芸術に恋して★Blog★-エルカンタンテ
映画「エル・カンタンテ 」は伝説のサルサシンガー、エクトル・ラボーの栄光と苦悩の半生を綴った伝記的な映画である。エクトル・ラボーといわれても知っている人はあまりいないと思う。私自身この映画を見て初めて彼の事を知った。
タイトルの「エル・カンタンテ」とは、歌手の中の歌手という意味でつかわれていて、彼がそう言われていた事。彼が一時所属していたサルサバンド、ファニア・オールスターズはサザン・オールスターズの命名の由来である事。

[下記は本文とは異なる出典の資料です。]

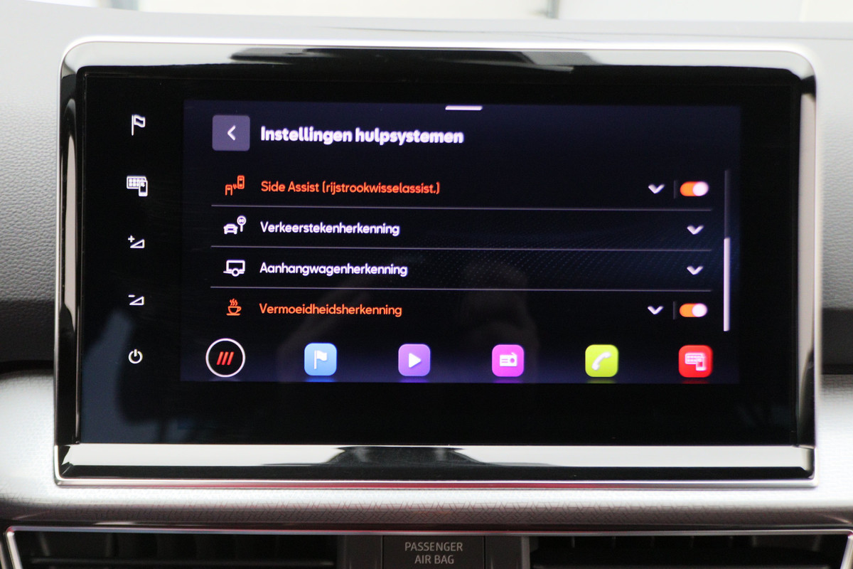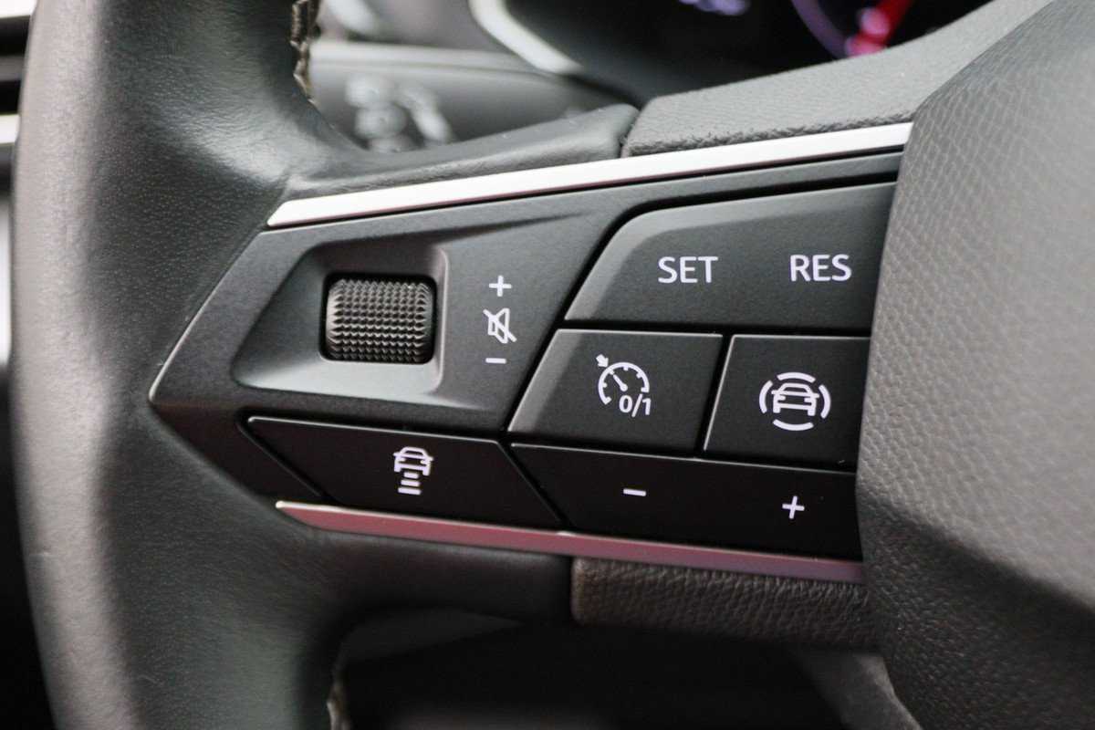 Duik in de digitale wereld van mobiliteit waar alles wat u nodig heeft voor een comfortabele en veilige rit, wordt geprojecteerd op het digitale dashboard. Hoeveel ruimte heeft u nog bij het inparkeren? De achteruitrijcamera brengt helder in beeld wat zich achter de auto bevindt en geeft een geluidssignaal. Adaptive cruise control is een comfortabele en veilige optie. Het systeem reguleert de snelheid en houdt automatisch afstand tot uw voorligger. Onderweg kunt u veilig genieten van het audio-installatiesysteem met DAB-radio en het full map navigatiesysteem. Want in deze SEAT bedient u ze vanaf het stuurwiel of met uw stem. Onderweg uw smartphone opladen zonder gedoe met stekkers en kabels? Dat kan, met de draadloze oplaadmogelijkheid voor telefoons. En dan is deze auto ook nog eens voorzien van kruisend verkeer detectie, regensensor, keyless entry, airconditioning, automatisch dimmende binnenspiegel en lederen stuur.

など背景を聞いただけでのその偉大さが理解できる。
この映画はジェニファー・ロペスが製作、ジェニファーの夫の現役サルサ歌手マーク・アントニーが主演のエクトルを演じている。そしてジェニファー自身もエクトルの妻、プッチ役で出演し、夫婦ならではのリアルな演技を披露してくれる。また、ジェニファーとマークはともに20代~40代後半までを代役なしで演じているという点も見所の一つだ。

構成はジェニファーのインタビューによる回想という形式であったが全てジェニファー自身が演じていたので、本当のドキュメンタリーを見ているようであった。
また、マークのライブのシーンについてもフィルムコンサートを見ているようで、思わず拍手をしてしまいそうになるぐらい見事だった。

エル・カンタンテはドキュメンターリとライブを同時のたのしめるジェニファー渾身の1本です。(★★★★)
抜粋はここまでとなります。